A Chinaman appeared in the door and gazed at the six-mule team descending the distant gully to the ford.

“Jesse one man, hey? All light,” and slid quietly back to the kitchen.

Whatever might be said, or, rather, whatever might be suspected, of Bailey’s road-house–for people did not run to wordy conjecture in this country–it was known that it boasted a good cook, and this atoned for a catalogue of shortcomings. So it waxed popular among the hands of the big cattle ranges near-bye. Those given to idle talk held that Bailey acted strangely at times, and rumour painted occasional black doings at the hacienda, squatting vulture-like above the ford, but it was nobody’s business, and he kept a good cook.

Bailey did not recall the face that greeted him from above the three span as they swung in front of his corral, but the brand on their flanks was the Bar X, so he nodded with as near an approach to hospitality as he permitted.

It was a large face, strong-featured and rugged, balanced on wide, square shoulders, yet some oddness of posture held the gaze of the other till the stranger clambered over the wheel to the ground. Then Bailey removed his brier and heaved tempestuously in the throes of great and silent mirth.

It was a dwarf. The head of a Titan, the body of a whisky barrel, rolling ludicrously on the tiny limbs of a bug, presented so startling a sight that even Hot Joy, appearing around the corner, cackled shrilly. His laughter rose to a shriek of dismay, however, as the little man made at him with the rush and roar of a cannon ball. In Bailey’s amazed eyes he seemed to bounce galvanically, landing on Joy’s back with such vicious suddenness that the breath fled from him in a squawk of terror; then, seizing his cue, he kicked and belaboured the prostrate Celestial in feverish silence. He desisted and rolled across the porch to Bailey. Staring truculently up et the landlord, he spoke for the first time.

“Was I right in supposin’ that something amused you?”

Bailey gasped incredulously, for the voice rumbled heavily an octave below his own bass. Either the look of the stocky catapult, as he launched himself on the fleeing servant, or the invidious servility of the innkeeper, sobered the landlord, and he answered gravely:

“No, sir; I reckon you’re mistaken. I ain’t observed anything frivolous yet.”

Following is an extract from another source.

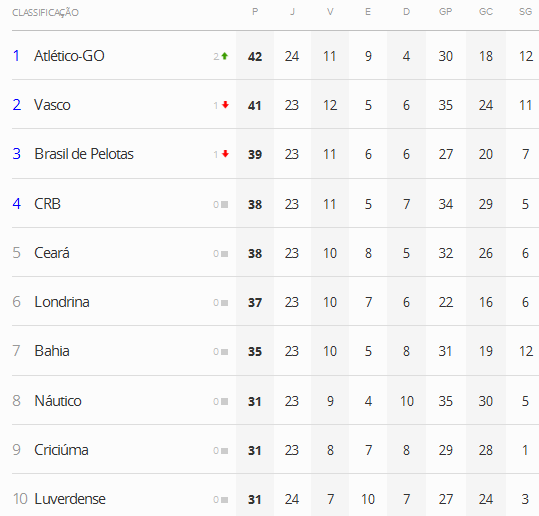 O Atlético-GO venceu o Luverdense por 2 a 0 na noite desta terça-feira (06/09) pela 24ª rodada da Série B. Com o resultado, a equipe foi a 42 pontos e ultrapassou o Vasco na tabela de classificação. Os vascaínos jogam pela 24ª rodada no próximo sábado (10/09), contra o Oeste, em São Januário.

“Glad of it,” said the little man. “I don’t like a feller to hog a joke all by himself. Some of the Bar X boys took to absorbin’ humour out of my shape when I first went to work, but they’re sort of educated out of it now. I got an eye from one and a finger off of another; the last one donated a ear.”

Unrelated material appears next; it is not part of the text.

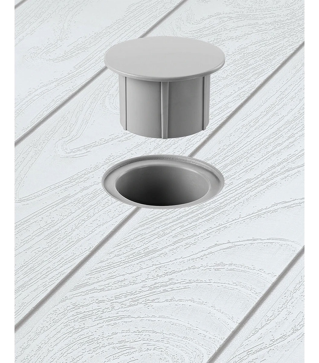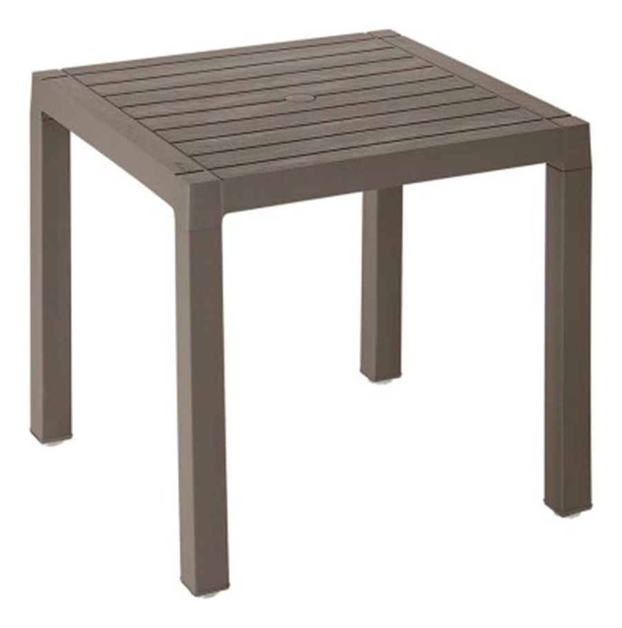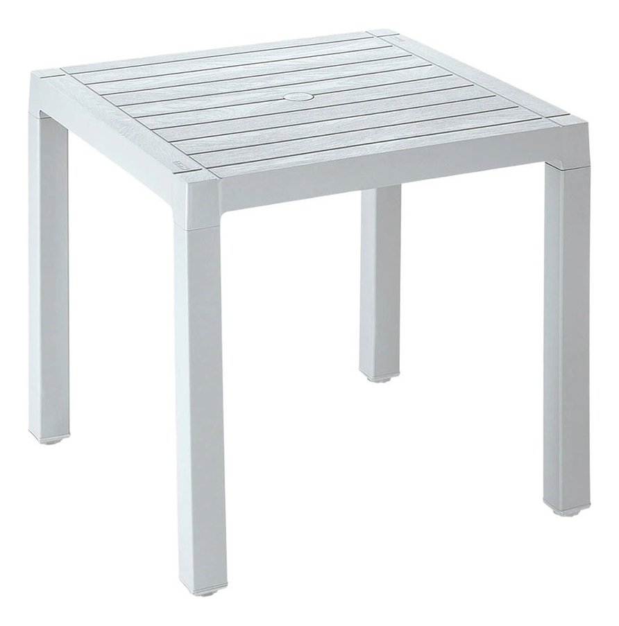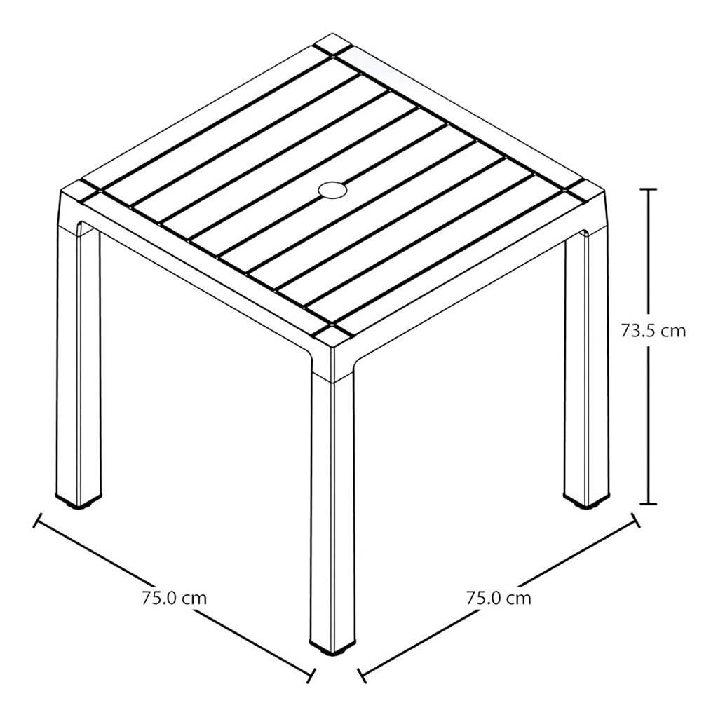 La Mesa Barú color gris hielo está fabricada en resina, un material resistente al agua y que permite una mayor duración del producto.

Bailey readily conceived this man as a bad antagonist, for the heavy corded neck had split buttons from the blue shirt, and he glimpsed a chest hairy, and round as a drum, while the brown arms showed knotty and hardened.

“Let’s liquor,” he said, and led the way into the big, low room, serving as bar, dining- and living-room. From the rear came vicious clatterings and slammings of pots, mingled with Oriental lamentations, indicating an aching body rather than a chastened spirit.